The central bank’s action was aimed at maintaining the circulation of China’s paper yuan currency and to “protect the rights of the public to use cash,” the PBOC said. The bank said it fined organizations between 500 yuan ($77) and 500,000 yuan ($77,236) for taking “discriminatory” or “inconvenient” measures to deny customers the right to use cash. The violators included Chinese insurance giant Ping An, several property management companies, a public park in Beijing, and 13 other public and private institutions across the country. (The PBOC did not explain the discrepancy in fine size.)

China is fast becoming one of the most cashless societies in the world, fueled by the rise of dominant fintech platforms like Tencent’s WeChat Pay and Alibaba’s Alipay. In many cities across China, it has become increasingly difficult to hail and pay for a taxi, buy groceries, or even settle a bill at a restaurant without access to a mobile wallet.

China’s reliance on digital tools for daily tasks only intensified during the pandemic, as city and municipal governments across the country launched color-coded contact tracing apps that citizens must display to enter public buildings and ride public transportation.

But the digital evolution has also left behind tens of millions of people who lack the access or knowhow to navigate China’s Internet-based economy.

In August, the story of an elderly man forced off a bus in northern China for not displaying a health code app went viral. In November, a similar story went viral: an elderly woman in China’s Hubei province was told she couldn’t pay for her health insurance with cash.

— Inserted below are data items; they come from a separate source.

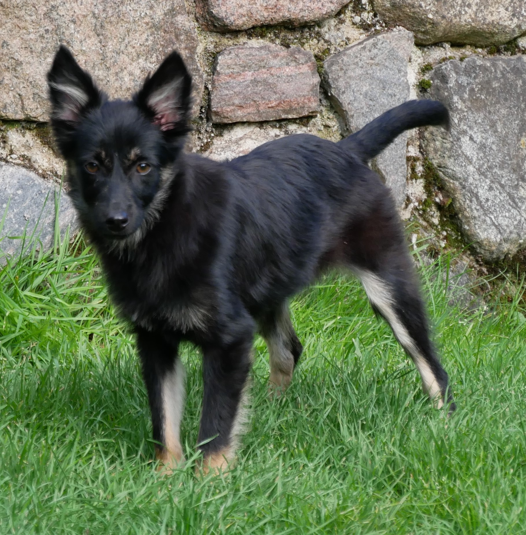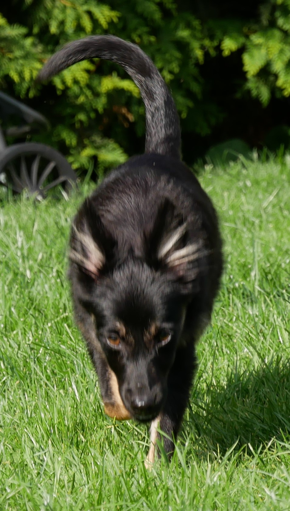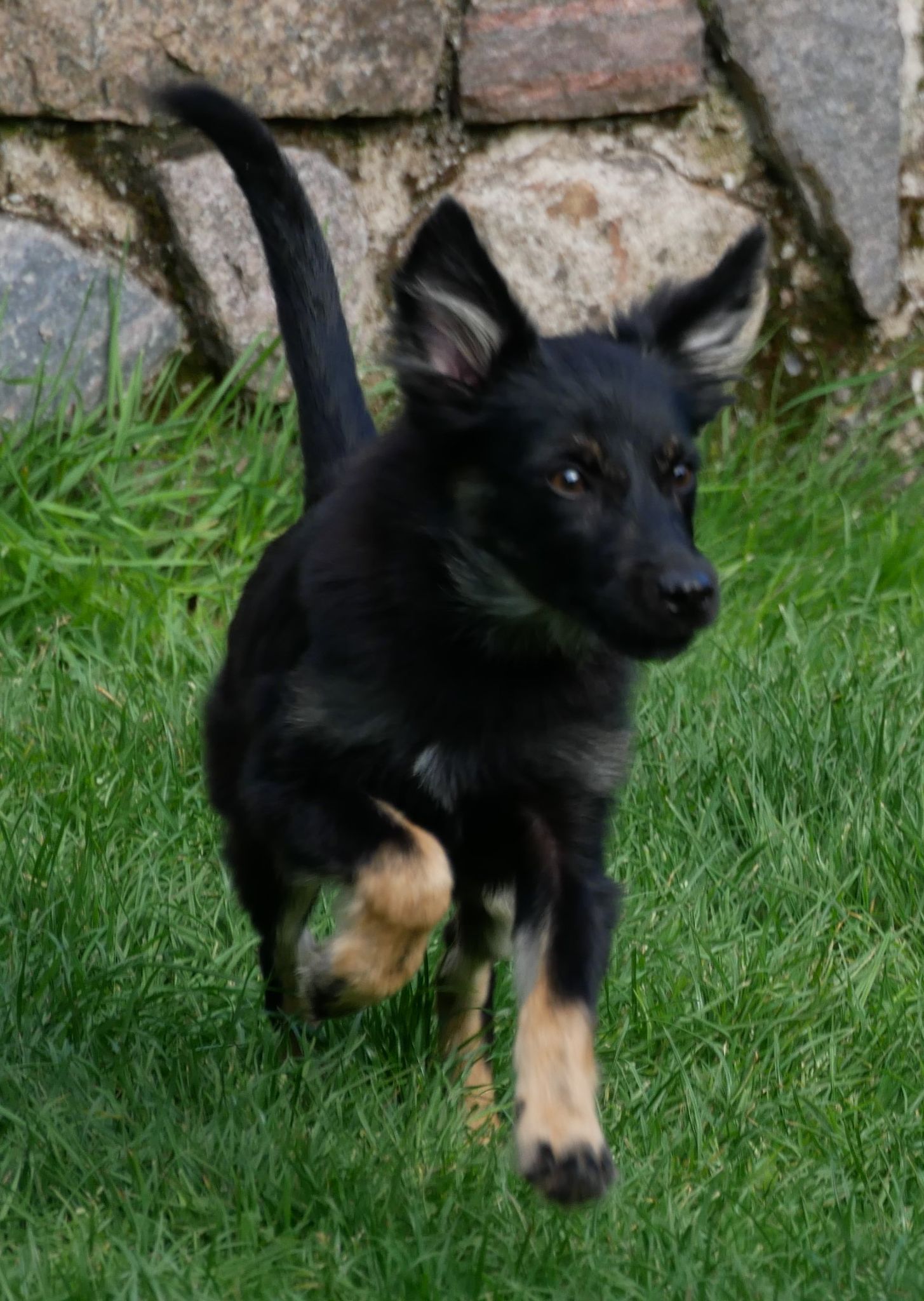 Schäferhund-MischlingWeiches längeres Fell, schwarz mit braun abgesetzt, Stehohren und langer Rute leicht gebogen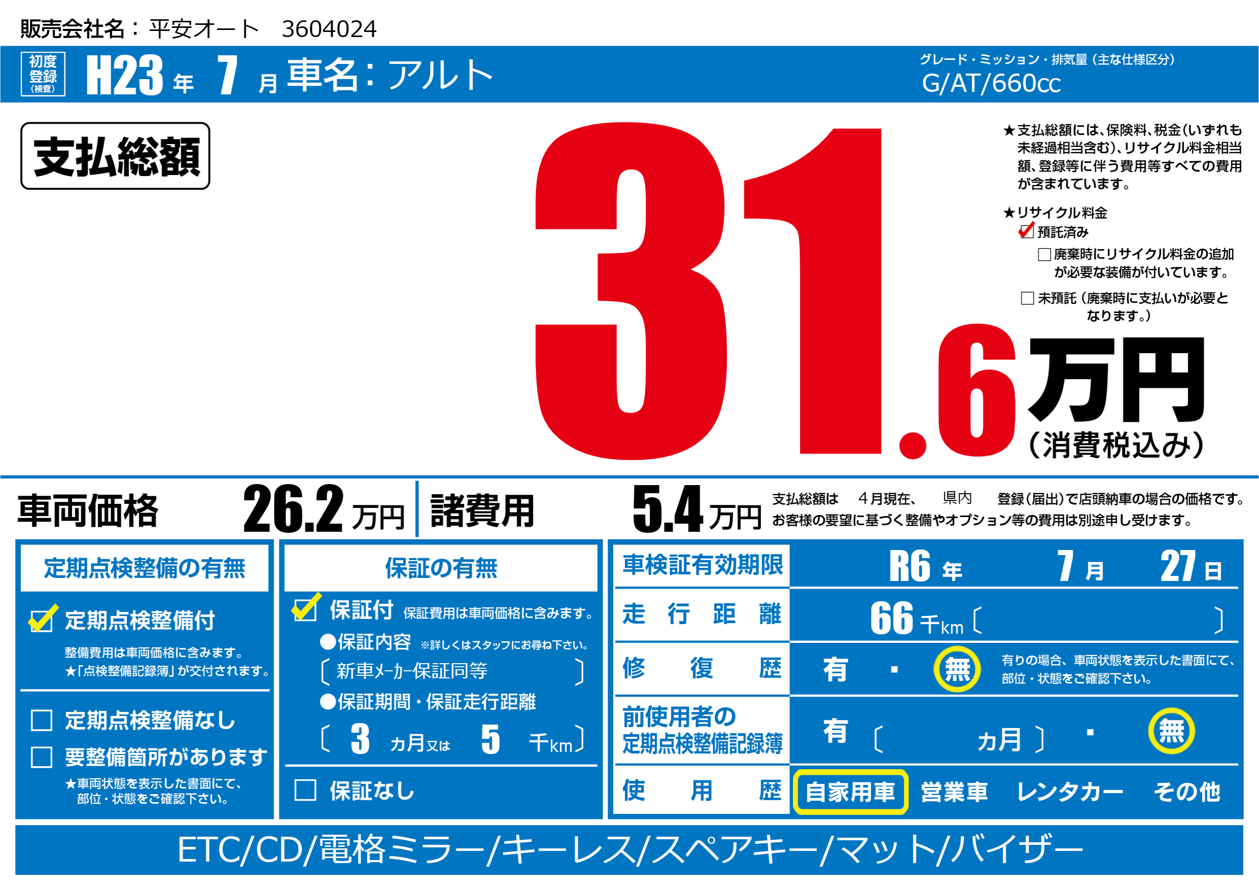 なし | 車検制限 | R6年7月27月 |
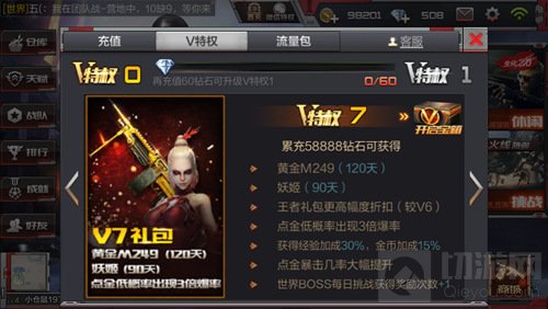 特权福利:黄金M249(120天),妖姬(90天),王者礼包一定幅度折扣(较V6),点金低概率出现3倍爆率,获得经验加成30%,金币加成15%,点金暴击几率大幅提升,世界BOSS每日挑战获得奖励次数+1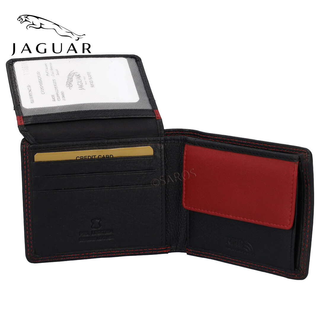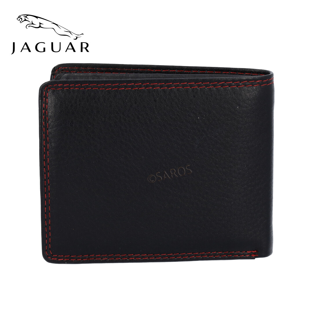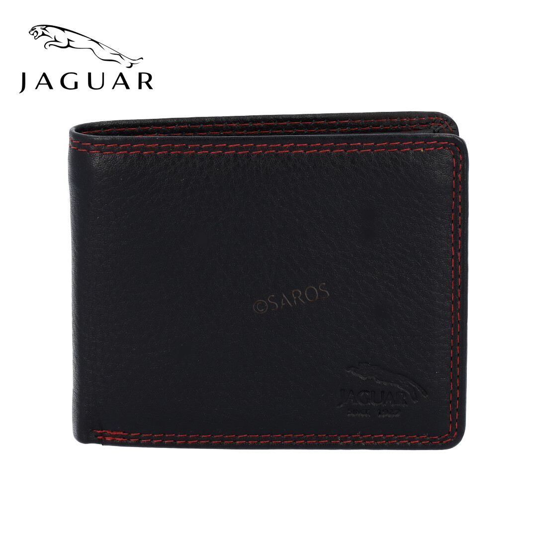 Carteira de Homem preta da  Jaguar . Tem 2 compartimentos para notas, 5 compartimentos para cartões, 2 compartimentos de rede, 2 compartimentos interiores escondidos, um porta-moedas e uma presilha interior a fechar com mola. Dimensões: L: 11 x A: 8,5 x P: 1,5 (cm)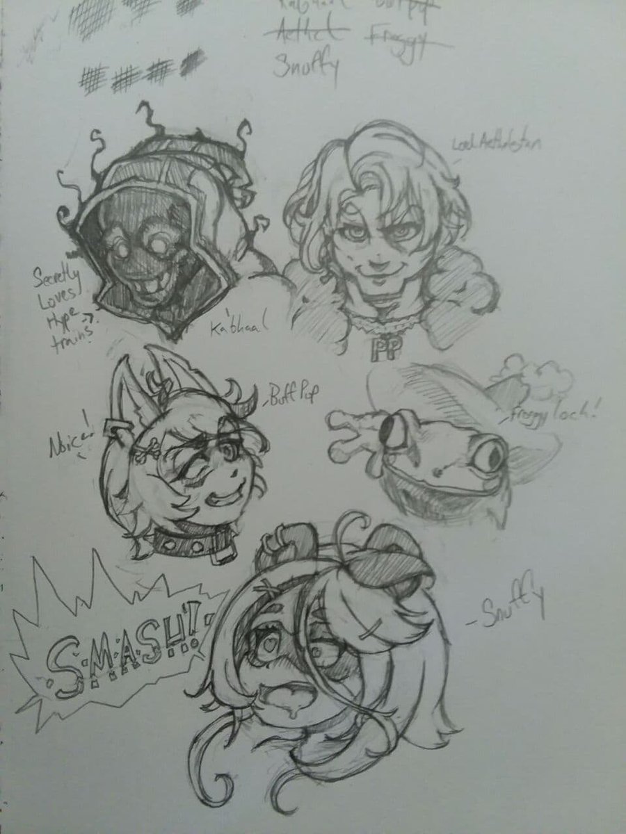 I was away from my art tablet and video game, so I broke out the pencil and paper and doodled some of the Vtubbers that keep me sane! @KabhaalVT #aethelart #buffpup #ribbart #snuffyart (get rekt with support, nerds)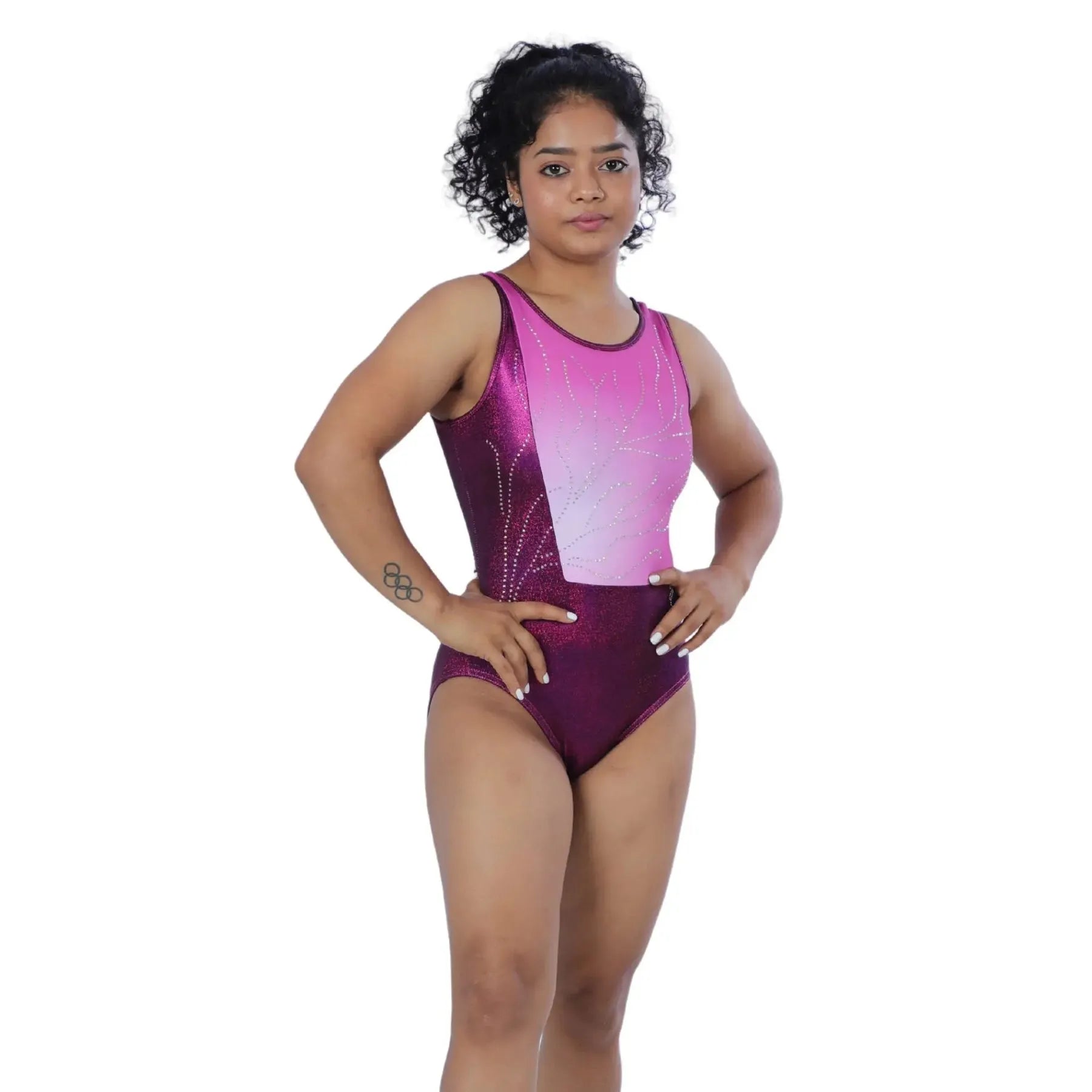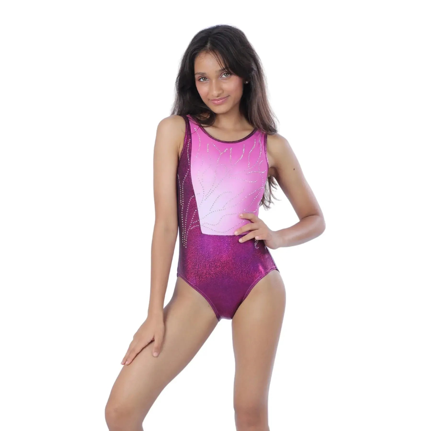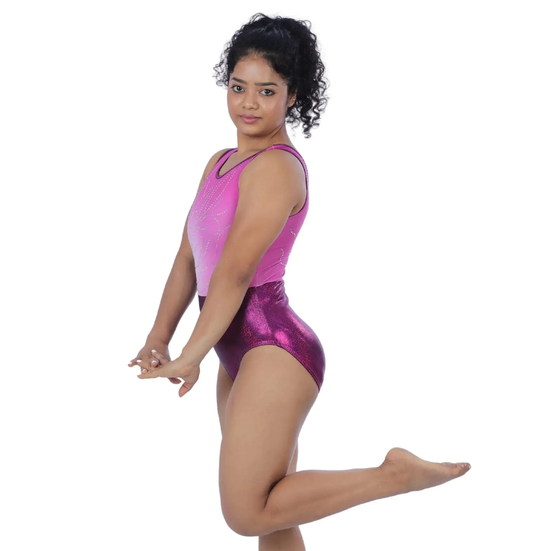 Elegantly engineered in soft 4-way stretch nylon-spandex, tank silhouette with rhinestones, performance-ready look with comfort and style.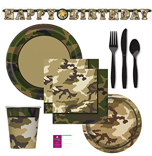 -. Title : Military Camo Hunting Fishing Party Supplies For 16 Guests Includes: Large Plates, Small Plates, Napkins, Cups, Large Birthday Banner And 48 Piece Premium Plastic Cutlery Set

The stories helped prompt action at the top levels of China’s government. In December, the State Council, China’s cabinet, called on businesses and local government authorities to accept cash payments and create alternatives for health codes apps so seniors could better navigate the digital divide.

Governments elsewhere are also pushing back the against the cashless movement with equity in mind. In 2019, Philadelphia became the first major U.S. city to force shops to accept paper and coin currency. But the PBOC’s effort stands out since it’s carrying out its crackdown on cashless institutions as it spearheads an effort to create the world’s first central bank-backed digital currency. Starting in 2020, the bank has rolled out digital yuan pilot programs through lottery-style giveaways and by partnering with local businesses in cities like Shenzhen and Suzhou.

China’s central bank action against institutions that fail to accept cash comes as the government works to limit the power of the country’s largest digital payment operators. In November, Chinese regulators halted the IPO of Ant Group, the Alibaba affiliate that operates Alipay, after Alibaba and Ant Group founder Jack Ma challenged the entrenched interests of China’s financial system. The People’s Bank of China is also now drafting antitrust rules aimed at curbing the power of digital payment operators like Alipay and WeChat Pay.